Probably the most widely used "biochemical" marker of NS, C-reactive protein (CRP), is one of the so-called late markers. Its sensitivity is mainly low in the early stages of infection; its reliability increases, particularly with serial measurements. In that case, its negativity practically rules out the presence of NS. It is not completely specific for NS. Procalcitonin (PCT), an intermediate marker, is relatively specific, providing prognostic information as well; it decreases rapidly in response to effective therapy. However, its complex postnatal "physiological" dynamics makes its measurements difficult, particularly in early-onset sepsis.

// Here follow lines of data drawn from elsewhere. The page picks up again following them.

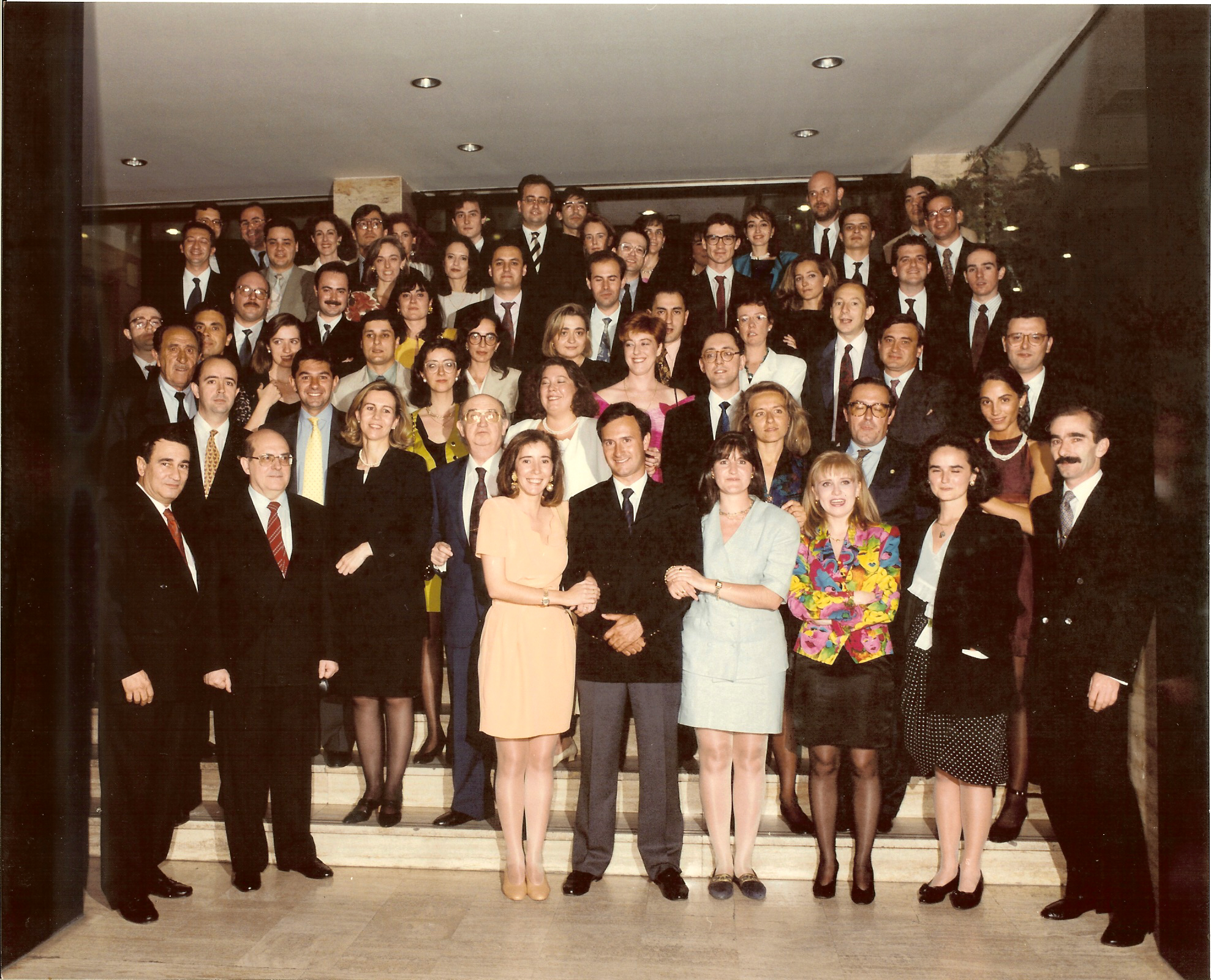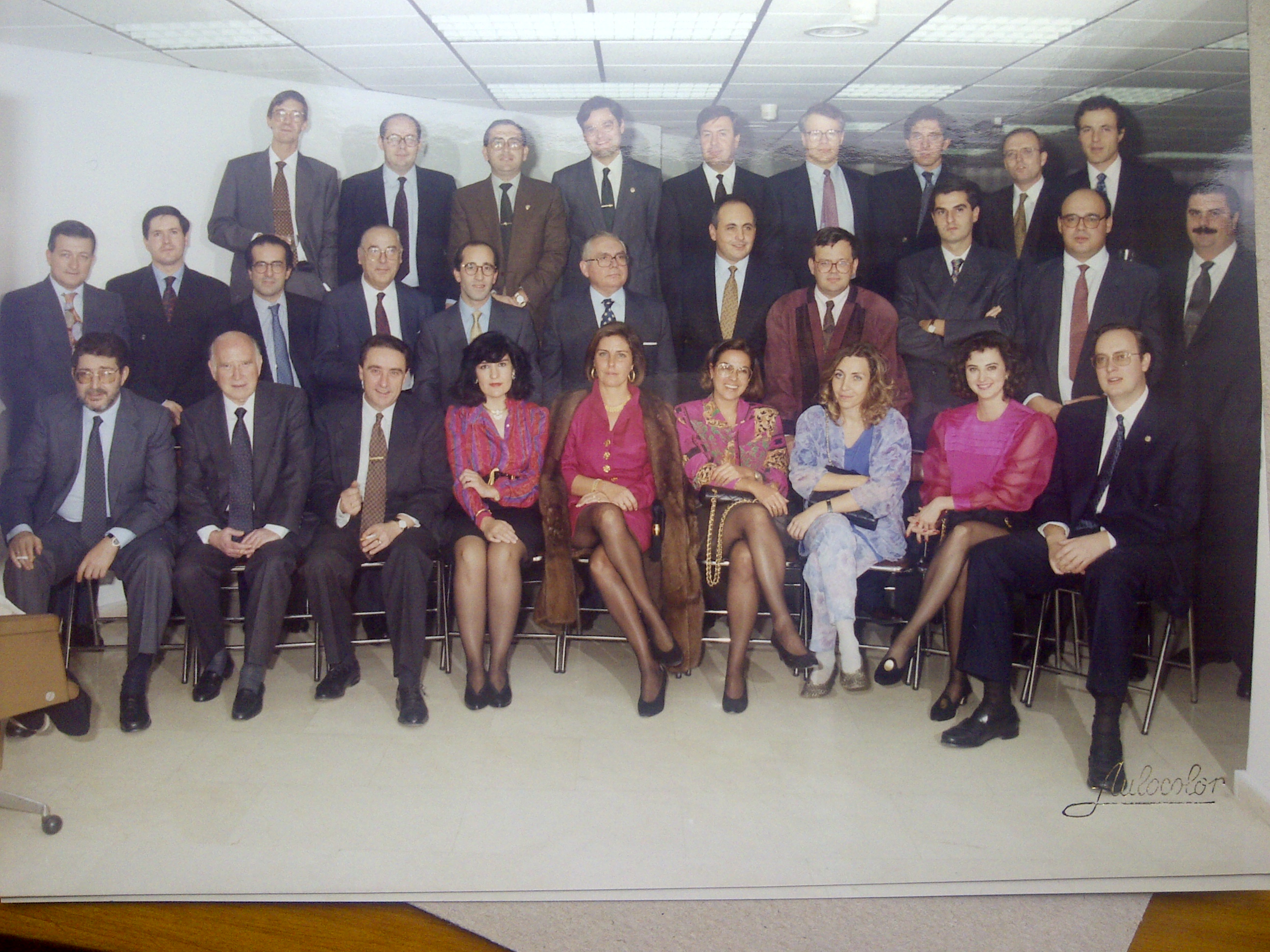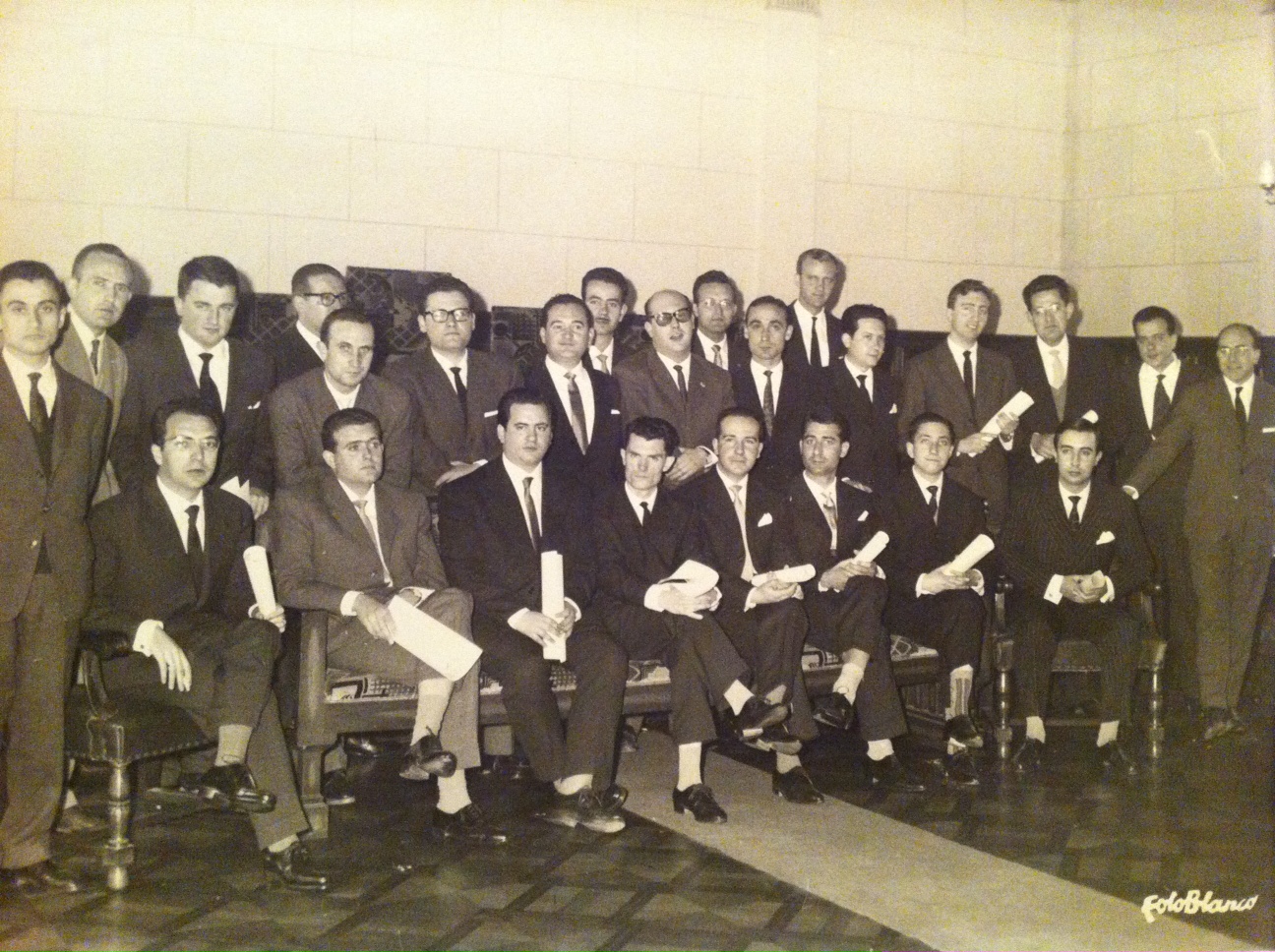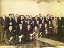 Detalles de la Promoción de 1935: Enviado por hermanos Misas Barba: Promoción de 20 de Septiembre de 1935 NOTARIAS. ¿VALLADOLID? Por Orden de Antigüedad (creo que faltan algunos, en la foto hay 25) D. Julián Dávila García Don Francisco Virgili Sorribes Don Juan Arroyo Pucheu Don Maximino Miyar y Miyar Don Julio Albi Agero Don Santiago Morar Martínez Don José Arenales Aragón Don Hipólito Sánchez Velasco Don Pedro Sols García Don Julián Manteca Alonso Don Adolfo Aguirre Calleja Don Gaspar Ripoll Gracián Don Juan Zúñiga Galindo Don Ramón Aroca García Don Luis Avilés Cucurella Don Manuel Misas Benavides Don Roberto García Isidro Don Virgilio Rey Amaya Don Juan Escobar de Acha Don Víctor Aguado Zaragoza Los notarios de esa promoción son las que más escribieron sobre la naturaleza jurídica de la legítima. Ver La legítima en el Código Civil, por Alfredo Garcia-Bernardo landeta. Publicado por Colegios Notariales de España. El del circulo es Manuel Misas Benavides, padre del Notario José Manuel Misas Barba (hoy Notario jubilado) y de Javier Misas Barba, Notario de Málaga, padre éste último de de Javier Misas Tomas, Registrador de Ibiza. Este último es además bisnieto de José Barba y Uriscar de Aldaca nacido el 27/1/1860 que ingresó en Chinchilla, y desempeñando el cargo de Registrador en Castropol, Cogolludo, Villadiego, La Bañeza, Saldaña, Carrión de los Condes, Coín, La Rambla, Cabra, Mota del Marqués, Tafalla, Palencia y Villalón de Campos , y tataranieto de Mariano Barba Lopez , fecha de nombramiento como Registrador 19/12/1861 por Cervera del Río Pisuerga, habiendo también desempeñado el cargo de Registrador de Astorga, Medinaceli, Toro, Frechilla y Madrid (Occidente) Se publican dos fotos, una con el Tribunal y otra sin él. De la carta enviada por Miguel Prieto, junto una foto más moderna de aniversario, entresacamos un párrafo: Entre los "comparecientes" descubro a Antonio Deltoro, Antonio Pérez Sanz, Ramón Alonso, Luis Santiago Gil Carnicer y a mi padre José Prieto García....tal vez también a Roberto Follía...Manuel Andrino....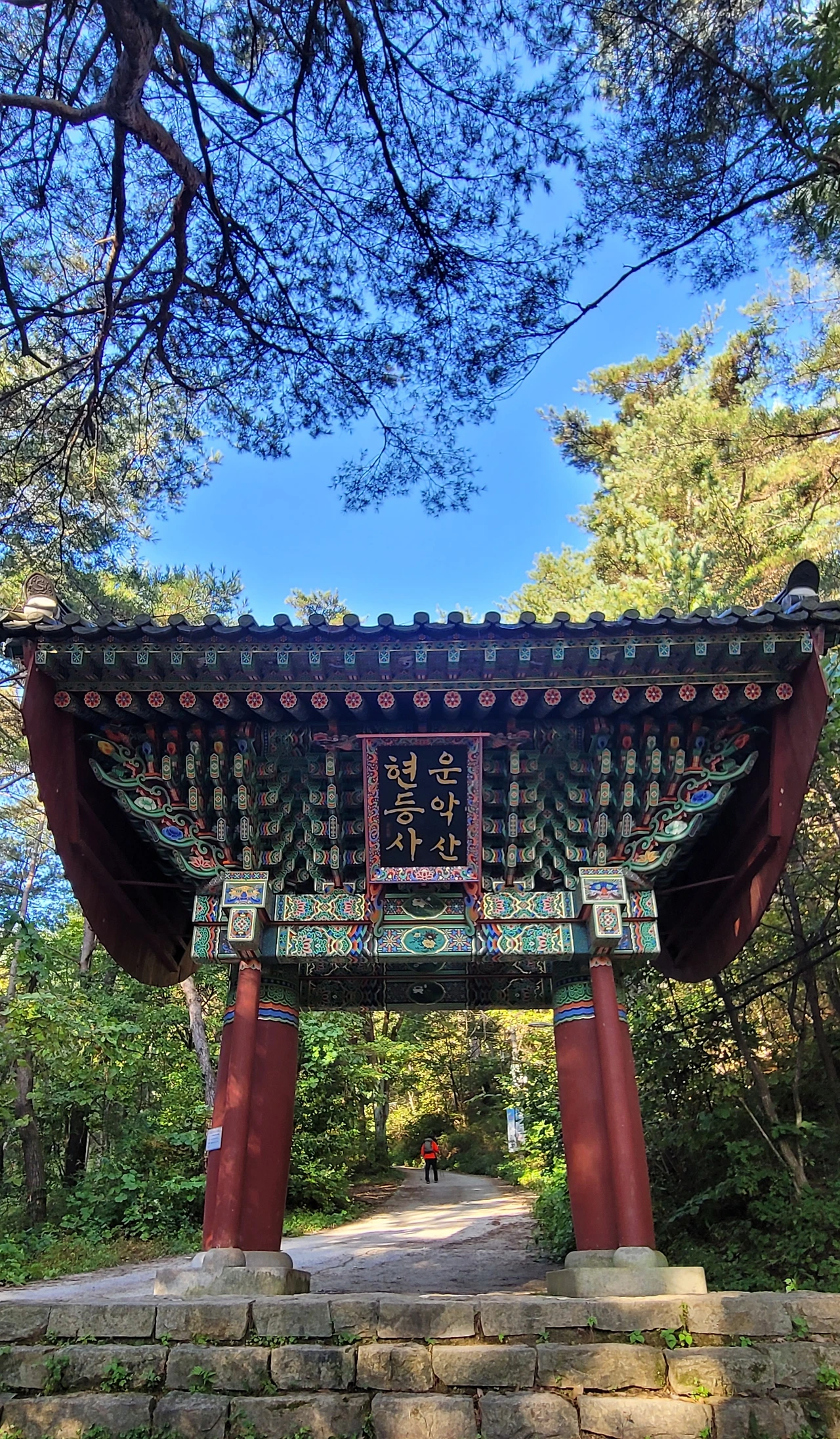 오전 8시 30분부터 산을 올랐다. 운악산에는 현등사라는 고찰이 있어서 현등산이라고 부르기도 한다. 화려한 단청으로 단장한 일주문이 손을 활짝 벌려 우리를 반긴다. 아침이 주는 신선한 분위기가 가벼운 흥분을 가져온다. 아직은 푸른 잎들이 우거진 숲이 선사하는 기운이 상쾌하다. 신록은 여전하지만 차분하게 정돈된 풍경이 천천히 여름을 정리하고 새로운 계절을 맞는 숲의 변화로 느껴진다.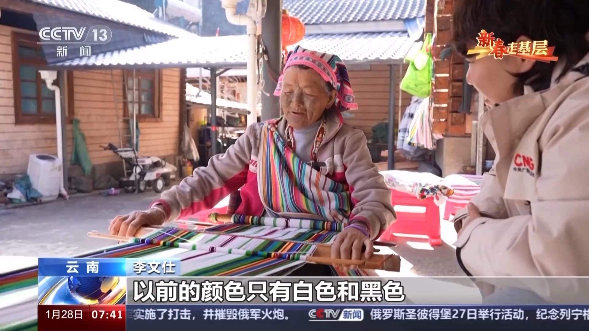 李文仕:以前的顏色只有白色和黑色,現(xiàn)在的顏色是七彩的,有很多種。心里真的很高興看到獨龍?zhí)嚎梢再u到各個地方??上У氖俏覀兡昙o大了,眼睛不好了,沒法織出更好的毯子了,但是我們希望年輕人可以好好發(fā)展,承擔起傳承的擔子。

CD64 is normally expressed in very low concentrations by unstimulated neutrophils. It is considerably upregulated on the trigger of bacterial invasion and has been shown to be involved in the process of phagocytosis and intracellular killing of pathogens. More importantly, neutrophils from preterm infants express CD64 during bacterial infections to the same degree as those from term infants, children, and adults. So in newborns, neutrophil CD64 have been found to be promising markers for diagnosis of early and late infections.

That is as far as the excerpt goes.